The endorsement continues, “For example, in Michigan the Supreme Court found that the Michigan “Civil Rights Initiative” had engaged in system voter fraud, however, it remained on the ballot because it did not violate the Voting Rights Act of 1965.” This is also incorrect: The Sixth Circuit Court (of the federal judiciary) denied to issue an injunction to remove the proposition from the ballot, because the election had already taken place. The Supreme Court denied to hear the appeal for alternative relief (i.e. non-enforcement of the measure) without comment.
Delic next presents that, “Connerly tried to get his initiative on the Arizona ballot in 2008 (Prop. 104) but failed because he could not get enough legitimate signatures.” This is one version of what occurred: Prop. 104 failed to get on the ballot because Michael Slugocki and Kathleen Templin — both board members of ASA at the time — filed a formal complaint against the signatures. They filed this suit after ASA had voted to oppose the measure — muddying the motives considerably. Neither Templin nor Slugocki listed their affiliation with ASA on the formal complaint.
The language in the proposition and title deceive the voter by calling it the “Arizona Civil Rights Amendment” and stating that it will end discriminatory practices by eliminating state funding to these practices. The amendment does not provide civil rights nor does it end discrimination –it removes the public’s ability to support individuals who need support, further disempowering already underprivileged groups.

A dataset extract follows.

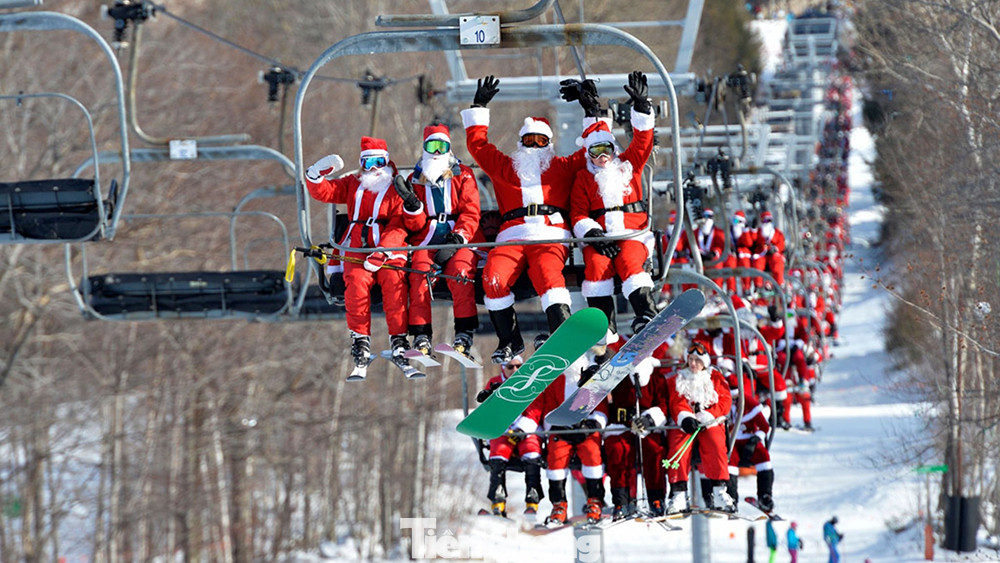 Những người tham gia sự kiện trượt tuyết thường niên Santa Sunday mặc trang phục ông già Noel đang ngồi cáp treo lên đỉnh núi để trượt tuyết ở Newry, Maine, Hoa Kỳ. Đây là một sự kiện nhằm quyên góp cho quỹ từ thiện The River Fund, một tổ chức phi lợi nhuận hỗ trợ giáo dục cho trẻ em.

Nowhere in the post appears a link to the easily-accessible ballot information, not is the official ballot language printed, even in excerpt. While it may indeed be confusing to consider how confusing a passage is in abstraction, having it to read does make that a bit easier. The official ballot language:
Be it resolved by the House of Representatives of the State of Arizona, the Senate concurring:
SECTION 36. A. THIS STATE SHALL NOT GRANT PREFERENTIAL TREATMENT TO OR DISCRIMINATE AGAINST ANY INDIVIDUAL OR GROUP ON THE BASIS OF RACE, SEX, COLOR, ETHNICITY OR NATIONAL ORIGIN IN THE OPERATION OF PUBLIC EMPLOYMENT, PUBLIC EDUCATION OR PUBLIC CONTRACTING.
C. THE REMEDIES AVAILABLE FOR A VIOLATION OF THIS SECTION ARE THE SAME, REGARDLESS OF THE INJURED PARTY’S RACE, SEX, COLOR, ETHNICITY OR NATIONAL ORIGIN, AS ARE OTHERWISE AVAILABLE FOR A VIOLATION OF THE EXISTING ANTIDISCRIMINATION LAWS OF THIS STATE.
F. FOR THE PURPOSES OF THIS SECTION, “STATE” INCLUDES THIS STATE, A CITY, TOWN OR COUNTY, A PUBLIC UNIVERSITY, INCLUDING THE UNIVERSITY OF ARIZONA, ARIZONA STATE UNIVERSITY AND NORTHERN ARIZONA UNIVERSITY, A COMMUNITY COLLEGE DISTRICT, A SCHOOL DISTRICT, A SPECIAL DISTRICT OR ANY OTHER POLITICAL SUBDIVISION IN THIS STATE.
The post continues to present, in super-scary italics, “Student groups that represent certain demographics could lose public funding. Entire departments in the universities could be shut down.” We here at the Lamp are willing to bet ASA a substantial amount of money that this will not happen (no, seriously — hit us up!). This law only dictates that programs be open to persons of all race/ethnicity/gender/etc, not that programs can’t study or focus upon one group. The list of “threatened programs” included here are also allowed under the law, as we see here. One needs only to look at states in which measure like have already passed similar measures to see that public programs similar to the ones listed still exist.
The post concludes with, “ASA encourages all students to educate themselves before going to the polls in November or submitting their early ballot.” On this point, the Lamp agrees — but we encourage said education to include empirical evidence, reputable links, and facts that feature legitimate citations.